Wales Ready to Take on Whichever Opponent in World Cup Playoff Draw

Wales football team celebration

Wales have won 8 of their previous 16 matches with coach Craig Bellamy

The team's attention are firmly on Thursday's World Cup play-off fixture as they await discovering their semi-final and possible final challengers.

Having ended second in their qualifying group following a decisive 7-1 victory over North Macedonia – their biggest win since 1978 – Wales will host the semi-final encounter on their own turf.

They will face either Albania, Bosnia-Herzegovina, Kosovo or Republic of Ireland in that match on 26 March.

Former Wales striker Rob Earnshaw believes the Welsh squad will welcome a tie against any team after their latest performance at Cardiff City Stadium.

"I know Craig Bellamy, I played with him and his mentality is 'give us whoever, we're ready'," Earnshaw commented.

"Many fans were wondering last night, 'should we actually want Ireland because of that local feel?'. I think a number of people were hesitant. But for me, that could be fantastic.

"It's that type of situation, indeed, we'll take Kosovo or Bosnia and Albania are decent and Ireland, naturally, they are a very good team so it will be tough.

"However you just feel that we're prepared for anybody at the moment and it doesn't matter, and much of that is because of Craig Bellamy."

Possible Playoff Semifinal Rivals Evaluated

Wales are placed 34th in the FIFA rankings, with Albania sixty-first, Ireland 62nd, Bosnia-Herzegovina seventy-fifth and the Kosovan side 84th.

The Albanian national team had a impressive qualifying campaign, with their sole defeats suffered at the hands of their group winners England, who claimed full points without allowing a solitary goal.

The Premier League's Armando Broja and Lazio's Elseid Hysaj are part of the Albanian squad's recognizable players, though it was ex- Inter Milan, Barcelona and Watford striker Rey Manaj who topped their goal chart in qualifying with three goals.

Importantly, Albania have not yet earned a spot for a World Cup, although they participated at Euro 2016 and the 2024 Euros, failing to advance to the knockout stages on each times.

As Slovenia and Sweden endured poor campaigns, with both failing to win a qualifying match, Group B was a direct battle between Switzerland and Kosovo.
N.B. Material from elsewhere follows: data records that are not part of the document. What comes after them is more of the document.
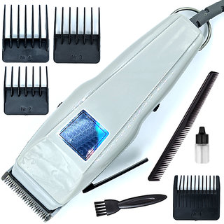 Know MorePowerful corded 9W hair clipper and trimmer with 4 length settings in one pack. A complete grooming kit which can trim your hair and beard from 0.8mm, 3mm, 6mm, 9mm & 12mm. Corded ultra trim grooming kit gives you the power of precision with complete versatility for all of your grooming needs. With this trimmer in hand, you don’t have to worry about looking shabby. It’s designed to take care of your beard and shape it effortlessly. The Ultra Trim Bread Trimmer comes with 4 guide comb (3mm, 6mm, 19mm, 12mm) to give you the flexibility of different lengths and precise trimming. Corde, can be used as much time you want. Simple plug and play. Washable and removable, the cutting head can be simply changed and cleaned up under the faucet. Ergonomic design fits in your hand, with a grip that gives you precision control. Self-sharpening technology for trimming blades. High-Speed Drive: Linear Motor Drive. Silver Pd Alloy Motor of High Moving Speed. Motor Speed: 2,500 RPM.Voltage: 110-240V Power consumption: 9W. Frequency: 50Hz. Materials: ABS Plastic + Stainless Steel. Washing Mode: Pull out shaving head and wash Directly through Water. Package Content : 1 pcs Beard Trimmer + 4 Adjustable Guide Comb (3mm, 6mm, 9mm, 12mm) + 1 pcs Cleaning Brush + 1 pcs Lubricating Oil + 1 Comb + 1Scissor. 1 year Replacement Warranty.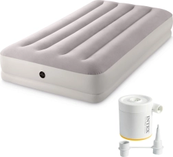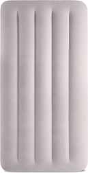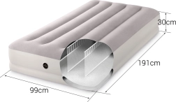 Практичен надуваем матрак от марката INTEX с размери 191 × 99 × 30 cm за удобен сън на един човек у дома и по време на път. Благодарение на технологията Dura-Beam Fiber е стабилен и добре поддържа тялото. Приятната велурена (flock) повърхност е мека на допир и не се хлъзга. В комплект е компактна USB електрическа помпа за бързо напомпване и изпускане и транспортен сак за лесно пренасяне.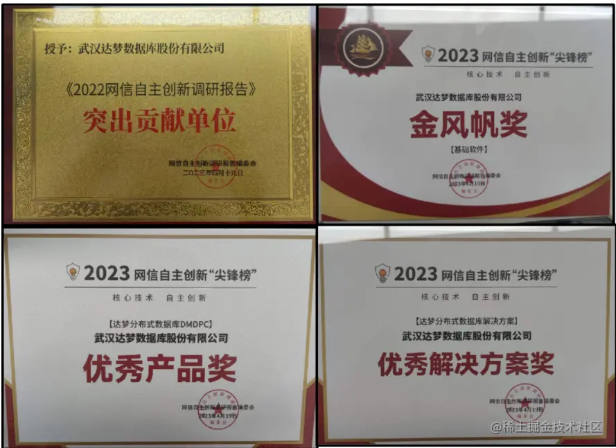 - 发布仪式上,达梦数据作为突出贡献单位获得表彰,并斩获“网信自主创新尖锋榜”金风帆、优秀产品、优秀解决方案多项大奖。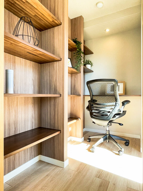 こちらはリビングダイニングの一角に設けられた書斎で、広さは約1.9帖。陽当たりも良好です。

The Swiss ended the six-game qualifiers 3 points clear of Kosovo, whose single defeat was at the hands of the pool winners.

The Kosovan squad include former Manchester City goalkeeper Arijanet Muric and Mallorca's Vedat Muriqi – his country's historic top scorer – in a squad targeting a first international competition appearance.

They have never played the Welsh team.

Bosnia-Herzegovina lost just once in qualifying, and claimed a point additional than the Welsh achieved in their eight games, but nonetheless ended 2 points behind of their group winners Austria.

They were a quarter of an hour away from clinching a place at the World Cup, but Michael Gregoritsch's equaliser for the Austrians meant the pair drew in the last game of qualification and Ralf Rangnick's team won the group.

The Welsh have not managed to beat the Bosnians in four matches but experienced a memorable loss against the Dragons as they earned qualification for Euro 2016 under Chris Coleman even after the defeat.

Being his country's all-time leading scorer and most-capped player, former Manchester City forward Edin Dzeko, now at Fiorentina, is undoubtedly Bosnia-Herzegovina's key player.

The veteran was his team's leading goalscorer in the qualifiers with 5 goals.

And finally, we have Republic of Ireland.

Having taken just one point from their first three matches, Heimir Hallgrímsson's side surged into the play-offs with successive wins against Armenia, Portugal and Hungary.

Troy Parrott netted the two goals against Euro 2016 winners Portugal before scoring a hat-trick – with the third goal arriving in the 96th minute – as the Republic of Ireland stunned Hungary to secure second place in Group F in dramatic fashion.

Talisman Seamus Coleman had a crucial role in his team's revival while Brentford goalkeeper Caoimhin Kelleher has made the starting position his to keep.

Ireland are without a win in their last 4 meetings with Wales, defeated in three of these, though James McClean shattered the hopes of the Red Wall as Martin O'Neill's team won a decisive World Cup qualifying match at Cardiff City Stadium in 2017.

Adam Carter
Adam Carter

Lena is a civil engineer and writer passionate about sustainable infrastructure and environmental solutions in urban settings.